Description of the task: The answer should be every line below, repeated exactly, with the images left out.

Supplied data:
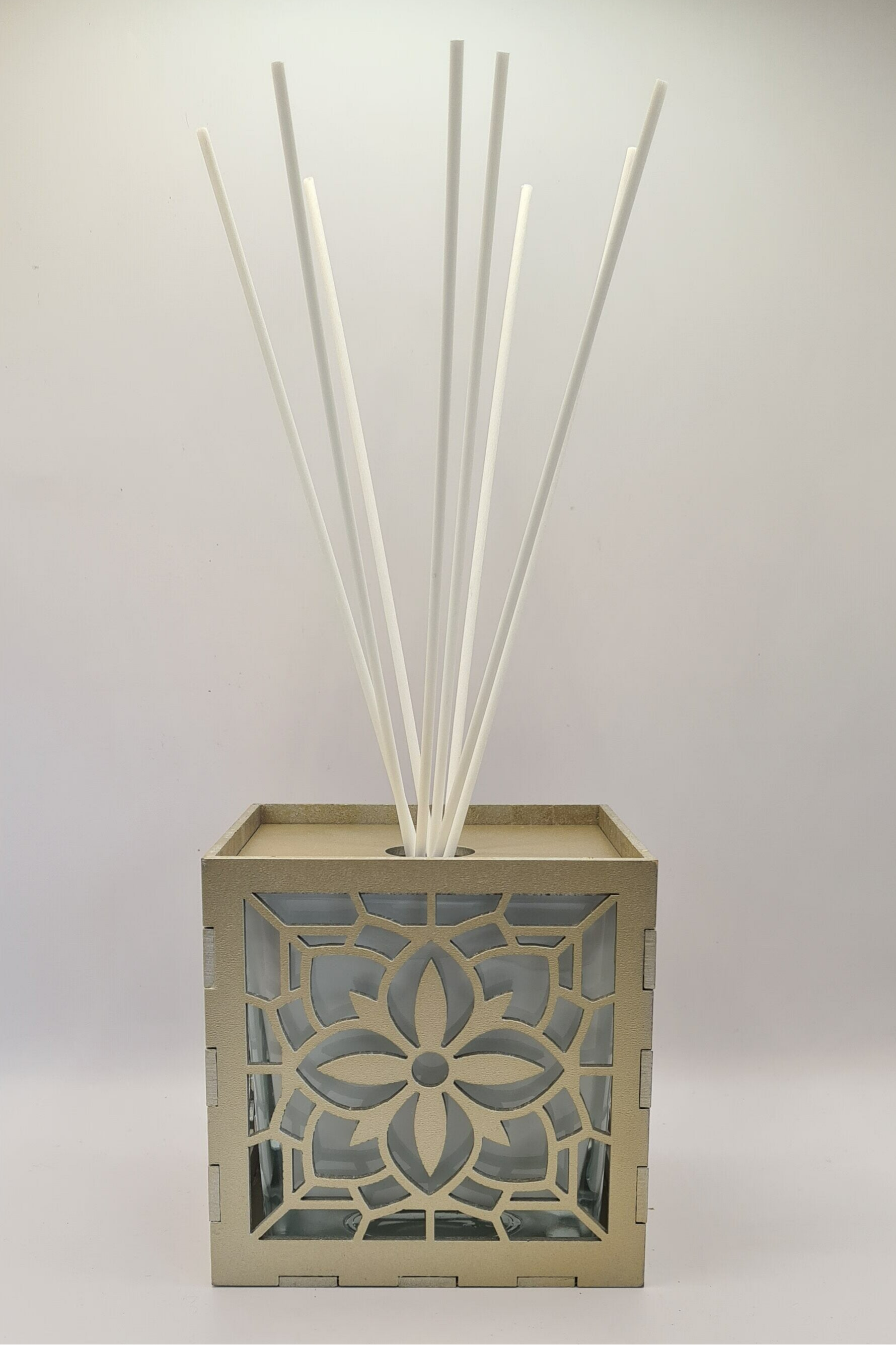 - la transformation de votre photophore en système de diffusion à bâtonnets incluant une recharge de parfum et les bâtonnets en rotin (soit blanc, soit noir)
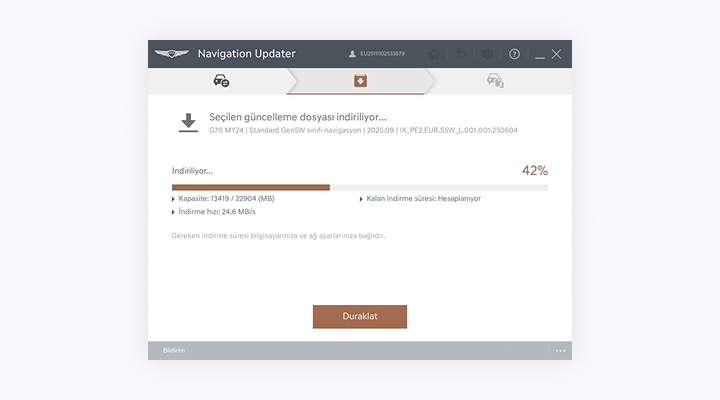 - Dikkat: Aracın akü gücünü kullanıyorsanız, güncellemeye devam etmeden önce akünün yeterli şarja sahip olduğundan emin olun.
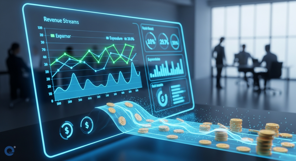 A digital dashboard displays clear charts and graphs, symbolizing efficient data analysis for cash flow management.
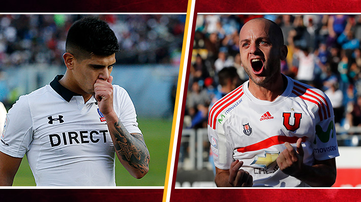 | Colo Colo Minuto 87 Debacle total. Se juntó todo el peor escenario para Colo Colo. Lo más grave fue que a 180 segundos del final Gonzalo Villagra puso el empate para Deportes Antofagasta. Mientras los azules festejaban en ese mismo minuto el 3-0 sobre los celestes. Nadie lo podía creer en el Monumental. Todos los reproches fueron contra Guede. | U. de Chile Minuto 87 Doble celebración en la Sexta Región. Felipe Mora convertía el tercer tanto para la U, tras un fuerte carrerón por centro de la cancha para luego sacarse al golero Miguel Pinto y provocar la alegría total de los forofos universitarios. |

Output of the task:
 - la transformation de votre photophore en système de diffusion à bâtonnets incluant une recharge de parfum et les bâtonnets en rotin (soit blanc, soit noir)
 - Dikkat: Aracın akü gücünü kullanıyorsanız, güncellemeye devam etmeden önce akünün yeterli şarja sahip olduğundan emin olun.
 A digital dashboard displays clear charts and graphs, symbolizing efficient data analysis for cash flow management.
 | Colo Colo Minuto 87 Debacle total. Se juntó todo el peor escenario para Colo Colo. Lo más grave fue que a 180 segundos del final Gonzalo Villagra puso el empate para Deportes Antofagasta. Mientras los azules festejaban en ese mismo minuto el 3-0 sobre los celestes. Nadie lo podía creer en el Monumental. Todos los reproches fueron contra Guede. | U. de Chile Minuto 87 Doble celebración en la Sexta Región. Felipe Mora convertía el tercer tanto para la U, tras un fuerte carrerón por centro de la cancha para luego sacarse al golero Miguel Pinto y provocar la alegría total de los forofos universitarios. |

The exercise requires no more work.